I have a deep longing for the completely Primitive life, COMPLETELY Off-Grid, not 99% but 100%. I long to live in either a teepee, log cabin, wood cabin, or natural built structure. I long to go bare-footed again, or wear natural homemade mocassins or sandals. I long for all of my clothes to be homemade–nothing manufactured by the world for the world. I long for every single attachment to this wicked world to be severed, yes, all of it, including the monetary system, drivers license, automobiles, social security card, birth certificate, computers, internet, “smartphones”, etc. Can you imagine being given a birth certificate… after you were already born? How insulting. I believe that all of this mess is to register, attach, enslave a person into a system. But imagine living COMPLETELY outside of the system, INCLUDING living outside of this wicked divided world’s Religious System/Christianity chiefly among them. Imagine walking by raw, butt naked faith, and learning the true definition of Trusting your Creator. Their is something about the early indians and “oh Great Spirit” that I am very attracted to; however, my faith is in the Savior, Yeshua, of the Bible, Who shed His Blood for mankind. Yet I believe that even the poorly translated Bible has to be diciphered. I am a single man, 52, just simple me, alone, I am absolutely not affiliated with any religious group or organization. I only desire to be a true disciple of, the Master.

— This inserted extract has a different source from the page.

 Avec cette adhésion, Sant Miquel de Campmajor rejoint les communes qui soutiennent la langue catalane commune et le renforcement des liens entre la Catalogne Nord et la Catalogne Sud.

Surely I am not alone? But who can SEE, that mankind was born into a well established system that he VOLUNTARILY continues to operate in. Christians who claim to follow the teachings of, The Master, for the most part do not live the way that He taught his first disciples to live, TOGETHER, SHARING their lives (Acts 1-4). But my heart wants completely out, every trace, not a shoelace from this world. Impossible? Did human beings really have trouble breathing 500 years ago before all of this modern day technology? I know, this very ad proves that I am still dealing with it, but I still have a heart’s desire and direction I’m headed, and none of this stuff will exist in my future. None of it is in heaven, and Yeshua is returning on a White Horse, not in a luxury white rolls royce, so the forever future will be back to nature. I even read of the Book of Life, not the computer of life. Apparently, what mankind thinks is so far advanced, is not even recognized in heaven.

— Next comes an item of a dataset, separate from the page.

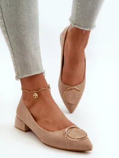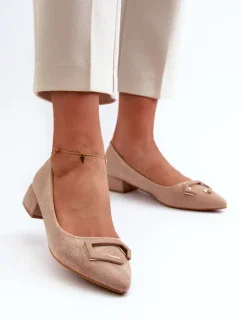 Lodičky na nízkom podpätku so zdobením, Eco Suede S.Barski Beige

Imagine the blessing of trading or bartering. I definitely want to help plant/harvest all of our own only organic food. I basically desire to live the way that the Holy Spirit first directed the early church to live, TOGETHER, in Unity, loving one another (Acts 2:44, Acts 4:32 passages). And it has been ringing loudly inside me for years, to “come out from among them and be ye seperate, touch not the unclean thing, and I will receive you, sayeth Yehovah.” I appreciate untranslating the english version and using the original hebrew names, but I do not build doctrines about this. Enough said, except that I hate legalism and desire the Freedom of the Spirit to rule our hearts. I believe that we are called to holiness and purity. But if we all only have pure hearts, the outside can become clean as we help and strengthen one another.

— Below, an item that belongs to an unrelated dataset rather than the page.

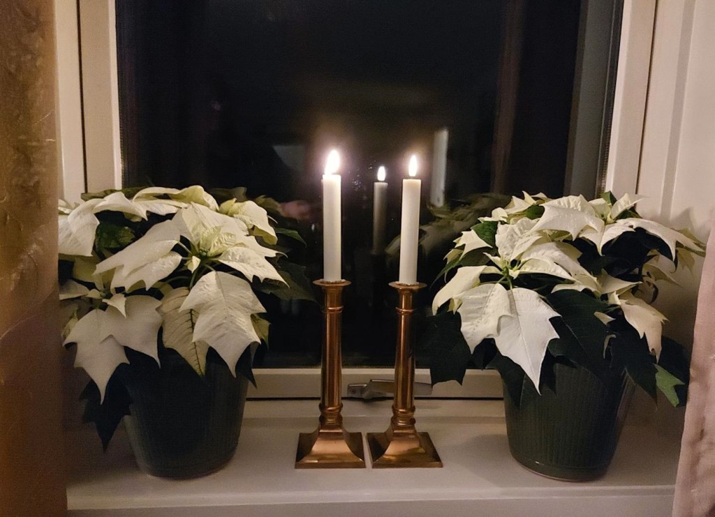 Der er så mange skønne julestjerner, og den gule er helt speciel. Dem med efterårsfarverne er jeg nu også vild med – og alle de hvide nuacner 🙂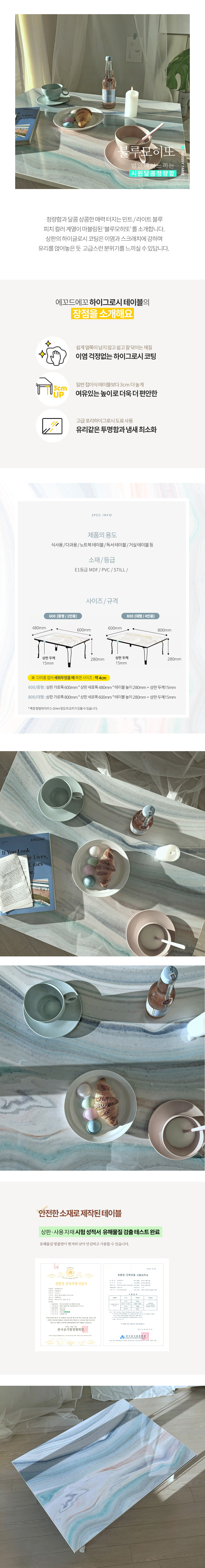 연블루, 소다, 피치, 화이트 등 다양한 컬러가 마블링되어 화사하고 산뜻한 분위기를 연출해주는 접이식 테이블입니다. 하이그로시 코팅처리 된 상판은 흠집과 이염에 강하며, 국내 생산 제품으로 높은 퀄리티를 자랑합니다.

I am searching for 2-5 acres of land that I would like to own in exchange for labor. But this is more like my consolation because I haven’t found a single other kindred spirit. I didn’t have a lot of money in the first place, but most of the few thousands that I did have, which I could have spent on a small piece of land, is gone from living on the road expenses while searching for kindred spirits. Now it’s Sept. 2019, and I only wish I had a suitable place, hopefully with some other disciples to set up a teepee, or build a simple little wood hut. If I have to be alone, then I so wish that somehow I could own my own lil piece of land, 2-5 acres in exchange for however many months of work exchange that it takes to pay for it.